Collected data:
Segment Open
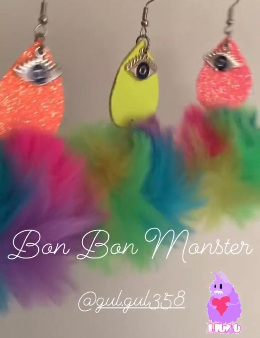 お目がついたネオンカラーの雫型パーツに大きなBon Bonは目立つの間違いなし。
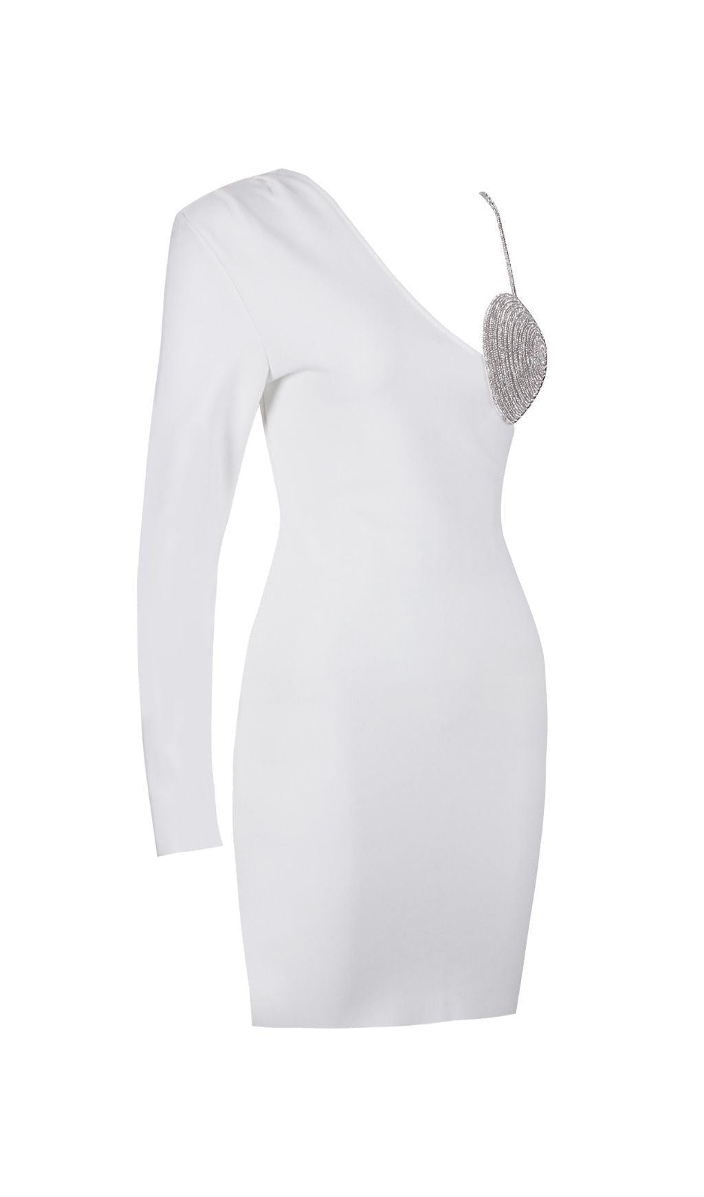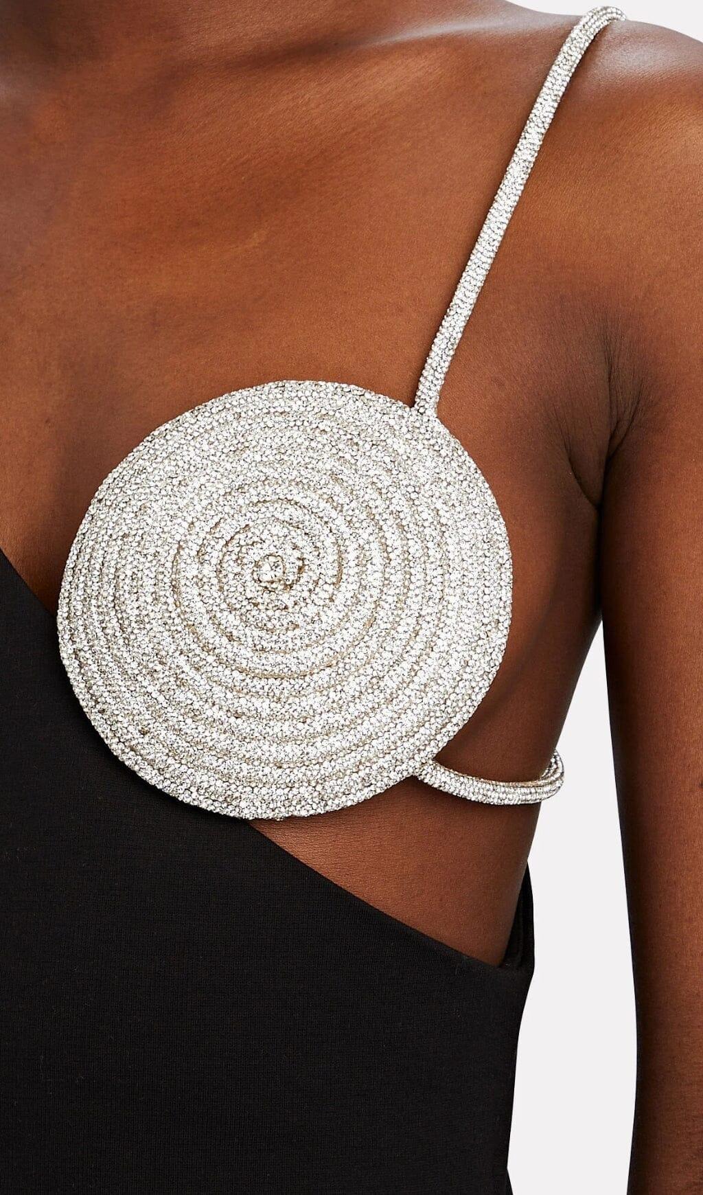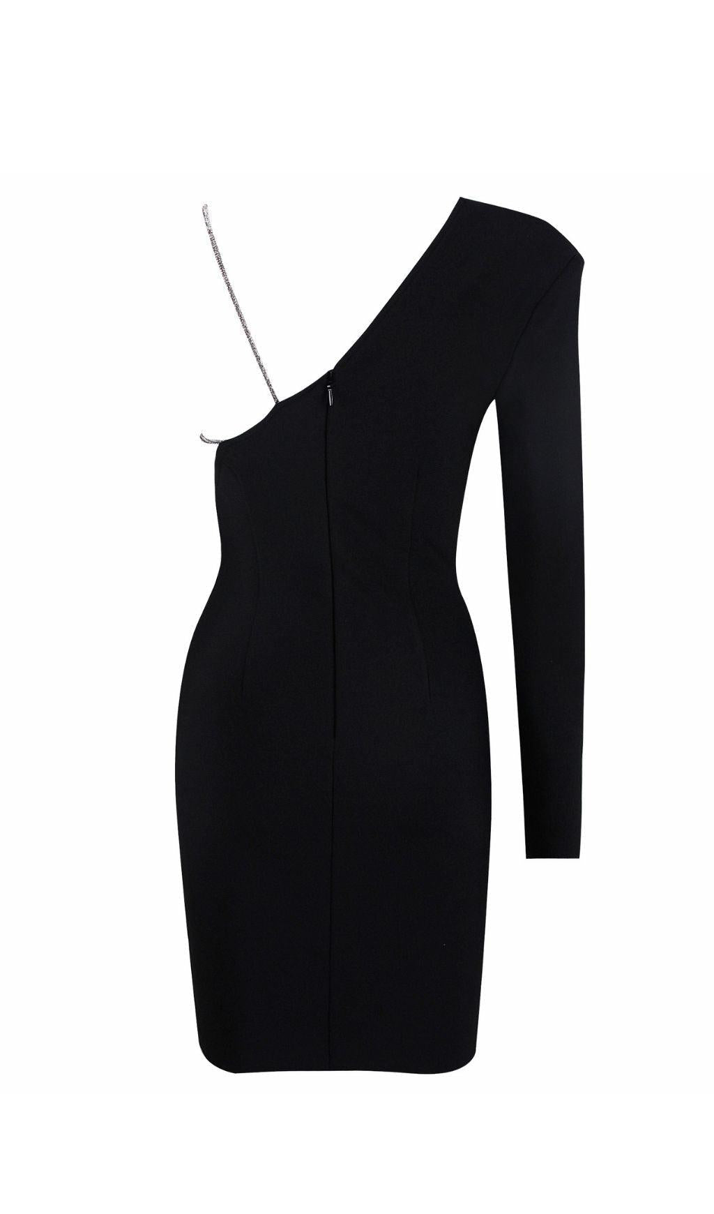 BLACK ONE SHOULDER CRYSTAL MINI DRESS
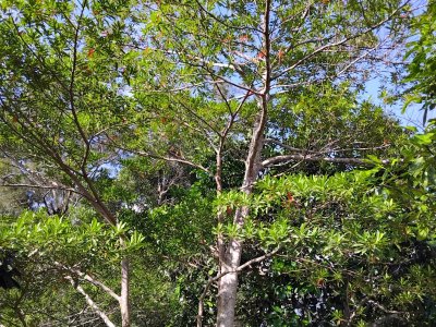 Feuilles papyracées, brillantes, échelonnées sur les axes, étroitement elliptiques (7-22 x 1,5-5 cm), aigües au sommet, en coin à la base ; marge régulièrement serretée sauf vers la base ; nervures à peine visibles ; pétiole plat, un peu ailé, 0,6 – 1,5 cm. Les feuilles âgées deviennent d’un rouge vif avant de tomber.
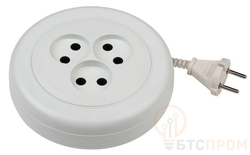 Бытовой удлинитель-рулетка с 3 гнёздами и длинным шнуром - 5 метров. Провод удобно прячется в корпус, что позволяет регулировать его длину при использовании прибора, а также компактно хранить удлинитель. Изготавливается в России из материалов, не поддерживающих горение. Надёжный двухжильный провод. Аккуратный круглый корпус. Позволяет одновременно подключать в сеть до 3 электроприборов с максимальной нагрузкой 6A/1300 Вт.
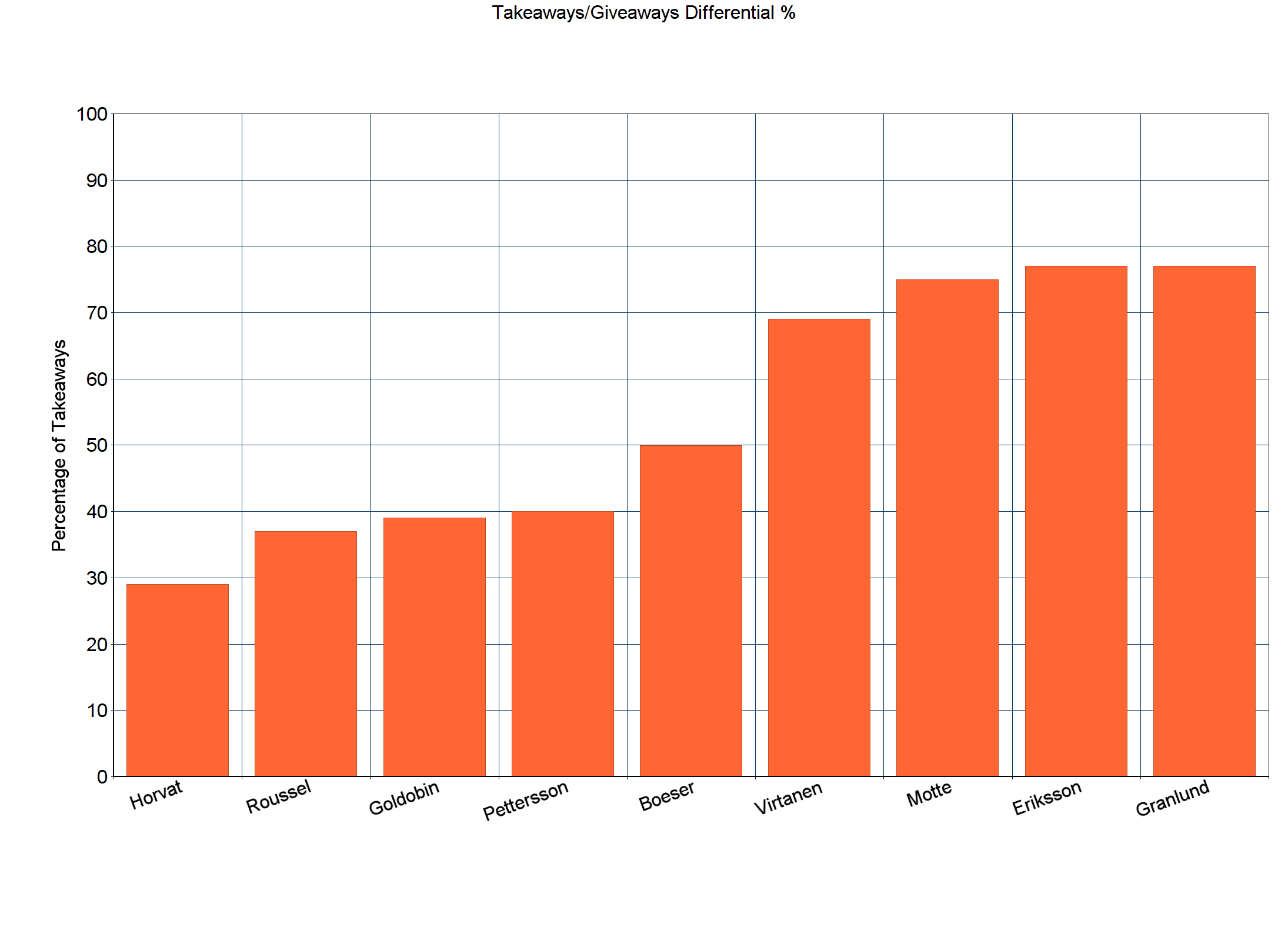 Yes, Unfortunate Erik has only 6 takeaways compared to 18 giveaways, meaning he is only on the winning side of just 25% of the turnovers he is involved in. But let’s focus on forwards. The chart below shows the percentage of each players turnovers that are takeaways (as opposed to giveaways). Forwards excluded below are those whose sample size is very small (meaning they are not involved in many turnovers in either direction, read into that as you will):
Segment Closed
Reproduce, exactly and only, the lines of the records above starting at the line with "BLACK ONE SHOULDER CRYSTAL MINI DRESS" and ending at the line with "Feuilles papyracées, brillantes, échelonnées", both included. Leave every picture out.

 BLACK ONE SHOULDER CRYSTAL MINI DRESS
 Feuilles papyracées, brillantes, échelonnées sur les axes, étroitement elliptiques (7-22 x 1,5-5 cm), aigües au sommet, en coin à la base ; marge régulièrement serretée sauf vers la base ; nervures à peine visibles ; pétiole plat, un peu ailé, 0,6 – 1,5 cm. Les feuilles âgées deviennent d’un rouge vif avant de tomber.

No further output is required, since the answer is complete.